MND ASKED ABOUT TAIWAN'S CAPABILITY IN SENDING TROOPS OVERSEAS
Taipei, May 26 (CNA) National Defense Minister Li Chieh confirmed Wednesday that "high level" government officials had made inquiries at his ministry about Taiwan's capability in terms of dispatching troops overseas.
The ministry has studied the question and drafted a three-principle proposal regarding the feasibility of sending ROC troops to overseas battlefields, Li said at a Legislative Yuan Defense Committee meeting.
The three principles in the proposal include that the troop members to be sent overseas must be volunteers; that Taiwan's defense capability is sufficient enough to spare extra hands to work overseas; and that what is the nature of the task of forces to be deployed, such as for peacekeeping or for humanitarian aid, according to Li.
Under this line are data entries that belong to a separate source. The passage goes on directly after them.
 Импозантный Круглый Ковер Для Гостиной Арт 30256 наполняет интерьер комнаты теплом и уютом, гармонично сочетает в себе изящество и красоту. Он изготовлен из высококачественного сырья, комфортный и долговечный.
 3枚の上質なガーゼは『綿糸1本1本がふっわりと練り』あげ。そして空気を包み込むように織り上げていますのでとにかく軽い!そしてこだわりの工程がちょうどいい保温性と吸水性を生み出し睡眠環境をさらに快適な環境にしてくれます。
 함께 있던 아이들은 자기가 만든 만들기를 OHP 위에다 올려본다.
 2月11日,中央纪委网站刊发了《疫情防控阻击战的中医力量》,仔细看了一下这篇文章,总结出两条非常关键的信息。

Li, who assumed office May 20 on the day of President Chen Shui-bian's inauguration for a second term, said that judging from the ROC marine forces' current capability, only a few thousand marines could be mobilized for overseas missions at the most.
The defense minister stressed, however, that the consent of the Legislative Yuan to sending troops to Iraq or other areas overseas is imperative.
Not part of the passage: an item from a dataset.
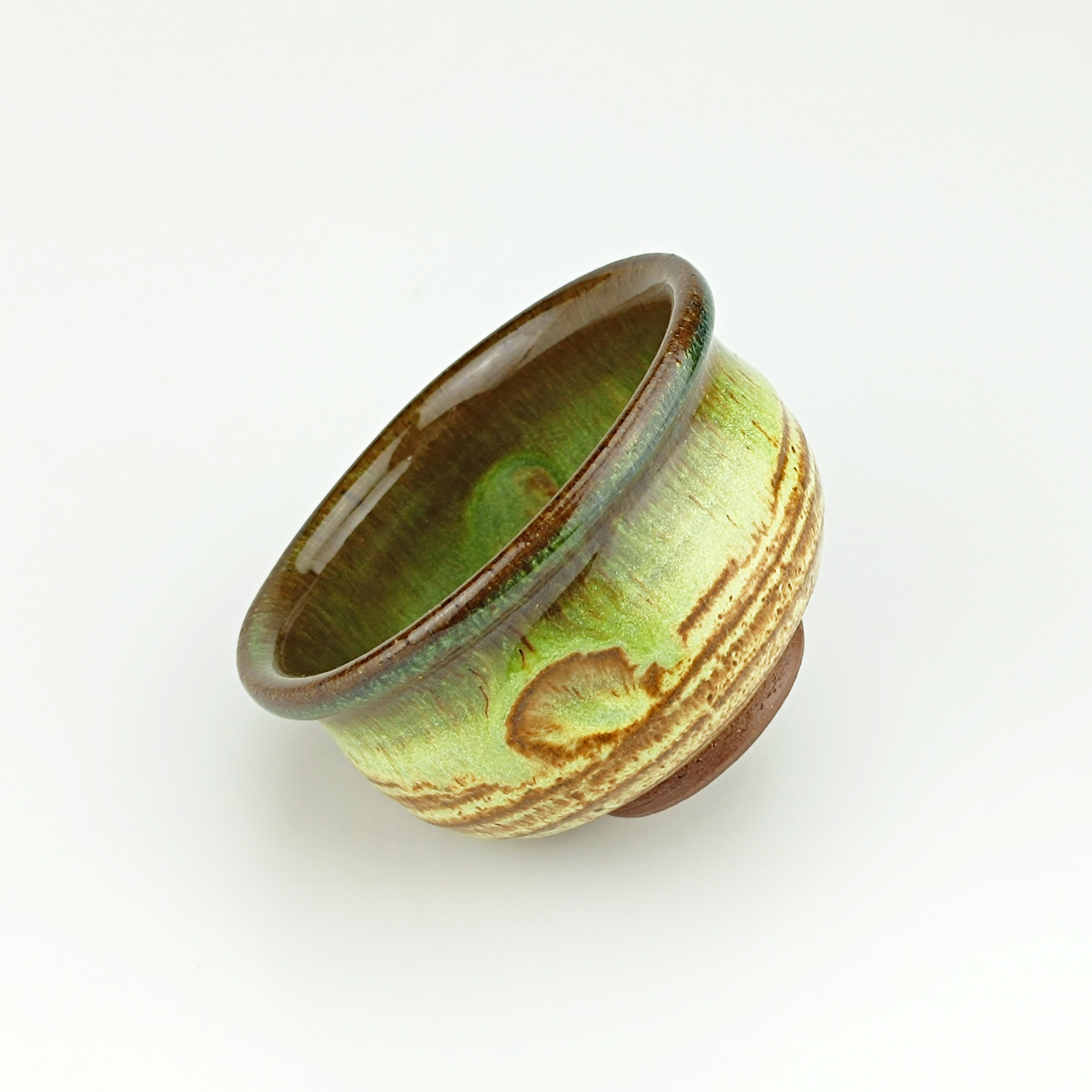 - The application of green and brown glaze not only enhances the aesthetic appeal of the teacup but also imbues it with a character that bridges the mysterious and the rustic, a testament to the artisan’s mastery over glazing techniques.

Consequently, he said, if the notion of dispatching ROC forces overseas became a case, there first must be a legislation passed by the Legislative Yuan to regulate such action.
Li added that to the best of his understanding, the United States has never asked Taiwan to send troops to Iraq. "We (the Ministry of National Defense) have no such plans either," he said.
Speculation has been rife over the past few days that Taiwan had discussed with the United States the possibility of deploying troops to Iraq to join coalition forces. The speculation was dismissed as groundless by the Presidential Office Tuesday.
Meanwhile, Li also dismissed recent reports saying that ROC military jets have been crossing the middle line of the Taiwan Strait.
Li for the first time disclosed the line of demarcation in the Taiwan Strait, saying that the line -- which runs from 27 degrees latitude and 123 degrees longitude to 23 degrees latitude and 119 degrees longitude -- was demarcated by the United States in 1951 for the purpose of maintaining peace in the strait.
Li said that he has no idea whether the mainland Chinese authorities are aware of this tacit line of demarcation.